Thank you dad, for the times you could have yelled but decided against it. Like when I bought the phone you thought was a bad idea and it conked off in less than a week. And when the hundreds of dollars you paid for tuition didn’t reflect much in my report card. And for the embarrassingly low grade on that math paper which I was particularly nervous about.
Thank you dad, for the times you could have been calm but didn’t let it slide. Like when I didn’t understand you bargaining for a mere 50 cents and you taught me the value of hard earned money. And when everybody else was failing physics too but you told me “everybody is not my daughter so I don’t see why I should be concerned about anyone but you”.
Thank you dad, for being the person who fixes. Like when you made calls to Apple tech support because I couldn’t figure out why my phone was acting up. And when you explained the uses of firewalls. And when you advised me to use different passwords for different accounts because there are “people out there trying to buy your privacy”. From helping me print my homework to explaining the basics of Excel.
Thank you dad, for fulfilling my whims and fancies when it meant you’d have to spend a little more time on the accounts and cut back on other things to let me have it. Like the new iPhone and the subscription to the childish magazine I “just had to have” when I was 12 and the cool electronic diary when I was 14 and the laptop when I was 16 and all the hair dyes and salon trips when I was 18.
Thank you dad, for all the possessions I have; from the clothes on my back to the food that I eat. It may be your duty but thank you for fulfilling your duty impeccably and going beyond when there have been men out there who simply ignored it or were contented with doing the bare minimum.
Thank you dad, for never walking away, even when you were embarrassed I was related to you or appalled that your daughter was capable of some of the trouble she got into. Like when I skipped classes or the times when teachers told you that your daughter wasn’t capable of much.
Thank you dad, for defending me even when we were outnumbered by a crowd. For believing that there is truth in your daughter’s words even when you were told otherwise.
Thank you dad, for being a complete weirdo I could laugh at and with. For acting like you’re 5 in my company and bringing yourself down to my level so I never felt alone even as the only child. For giving me a brother in you when I had no siblings to speak of. For the times you sat down and made paintings with me and we argued on the colour of leaves in autumn and the times you cheated in the board games and won. Thank you for setting a great example as a father while still managing to cheat once in awhile to pull my leg.
Thank you dad, for the times you allowed me to take my own decisions, giving me faith in myself by keeping faith in me. Like when you allowed me to take trips with my friends. And when you allowed my numerous male friends despite our modest and conservative background.

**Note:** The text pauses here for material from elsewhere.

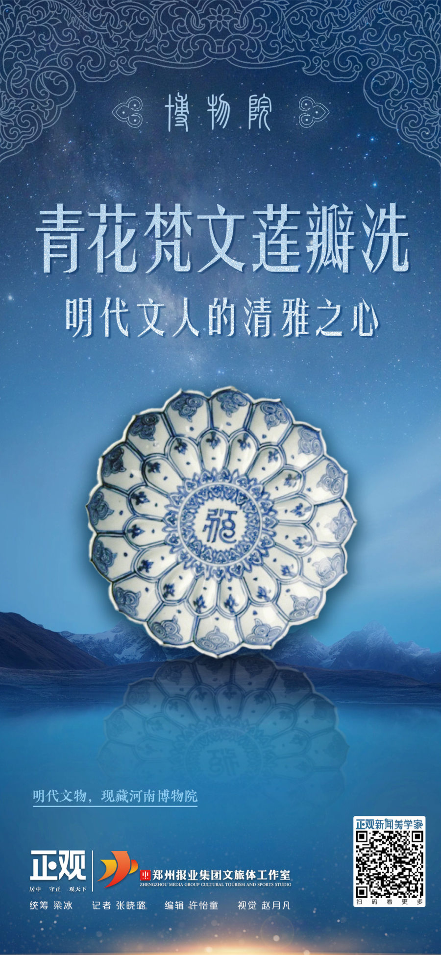 河南博物院馆藏有一件明代万历年间所制的青花梵文莲瓣洗,以其别致的造型和精细的画工,诉说着明代文人那份独特的清雅之心。

Thank you dad, for the times you questioned my decisions so I could see the stupidity in some of them and in others, a renewed strength and belief that I was doing the absolute right thing. Like when I wanted to dye my hair purple and when I thought being a lawyer was the ideal career for me.
Thank you dad, for not caring what others had to say about your parenthood. Because you’re fatherhood seems perfect to me. Thank you for being undeterred about what others had to say and think about your decisions and mine, our relationship together and always ruling the fear of foreign opinions out of the decisions we made.
Thank you dad, for financing my education when there are girls out there not believed to be capable of anything beyond the kitchen. For being able to stand for my rights when I couldn’t, when you were told that I had no rights for my gender.
Thank you dad, for finding pride in the fact that you’re raising your daughter no different from a son. For being a silent feminist and advocate of my success. For seeing no reason that I should be any less than a man in the workplace and encouraging me to go out there and seize the day. For showing me that failure is a stepping stone to success and not fear it.
Thank you dad, for the short dresses you let me wear and knowing when to implement tradition and when to move forward with a modern outlook. For the moderation in your upbringing. For the precarious balance of everything you maintained throughout. For the relaxed restrictions and limitations you set on me. For the rules you allowed me to set for myself.
Thank you dad, for being so afraid to lose me. For being excited yet apprehensive to see me grow up. For looking forward to, yet dreading my marriage. For being unable to prepare yourself to be away from me and not see me every day.
Thank you dad, for being my father. Without you, I am nothing. And of course, I love you.
Any man can be a father but it takes a special someone to be a dad.